During the Frelinghuysen remarks, Basilone’s small niece, five-year-old Janice, sneaked up onstage to sit with him, drawing a roar in response, and remaining with her heroic uncle throughout. That was the press photo everyone ran the next day, the war hero and the little girl in her party dress on his lap. Fox Movietone News got it all, and the newsreel ran coast to coast the following week, including a recording of Basilone delivering a short speech about the country and its good people and promoting the sale of war bonds. His delivery is a bit stilted, but his voice is deep, almost rich. Catherine Mastice returned to sing a new song entitled “Manila John,” composed by the organist of St. Ann’s, Joseph Memoli with words by W. A. Jack.

Basilone at times seemed overwhelmed by what organizers called “the biggest day in the history of Raritan.” But for some stupid reason, pure military bureaucracy at work, I suppose, Basilone wasn’t to be permitted to enjoy the night at home. On orders, and pointlessly, he was hustled back to New York and a Manhattan hotel for the night. Maybe they feared that this close to home and family, he might go AWOL and they’d have difficulty getting their boy back to the tour. By Monday the call of the war plants was heard, and Basilone was back in New Jersey at the Johns Manville factory in Manville, just north of Raritan, meeting war production workers, shaking hands, and talking up war bonds.

The next day Basilone was at Calco Chemical, where he’d worked as a laborer.
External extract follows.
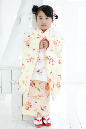 真っ白の被布に黄色地の着物の優しい色合いがマッチし、お子様の可愛さを引き立たせてくれる1着です。

The Somerset County Bar Association beckoned that same day. One can only imagine what Basilone managed to say to the Bar Association: citing torts and precedents? Then it was off to Pittsburgh for a bond rally at a big steel plant. Within hours he was back in New Jersey, speaking to the Rotary Club at Somerville. It is not clear any of this coming and going so close to Raritan included a trip home to his mother and father’s house for a meal or a night with the family. Or what Gene Lockhart and Eddie Bracken and the actresses thought of small-town and industrial New Jersey as they were trotted around.

Doorly reports that someone, somewhere, finally decided to give the poor guy a break. A thirty-day leave came down from the top. Thirty days of no speeches, no war plants, no bond rallies. And by now Basilone badly needed a rest. He spent the time at home in Raritan, where he played with the local kids and slept late, bunking in with little brother Don, nights where he and his Raritan pals all did a little drinking and admired the local girls. But there was a letdown, a long-delayed reaction. Doorly details it. He quotes Basilone as telling friends in Raritan that as much as he appreciated the admiration and attention, he was a soldier and wanted to get back to the war. This is the first mention of Basilone’s yearning for the Pacific.

19


There are men who quite literally love war, the rattle of auto matic fire, the crack of a single rifle shot, the song of the bullet’s ricochet, the sweet reek of gunsmoke hanging blue in the air, the heightened tension, the living (and too often dying) on the edge, the adrenaline rush, the yelling and shouting, the sound and the fury. Many of such men are Marines, veterans of different wars in different climes and down through the ages. I have myself after a firefight heard Marines coming out of the fight and back inside the wire coarsely enthusing, “Lieutenant, I love this shit.” In a book I wrote about motivation, about what draws Marines to the guns rather than, more rationally, away from them, a few Marine critics carped that of all the various reasons Marines fight, I had scanted the sheer love of a fight, the appeal of battle, the call to the guns, the passion warriors bring to battle. Manila John Basilone seems to have been one of those men, one of the war lovers.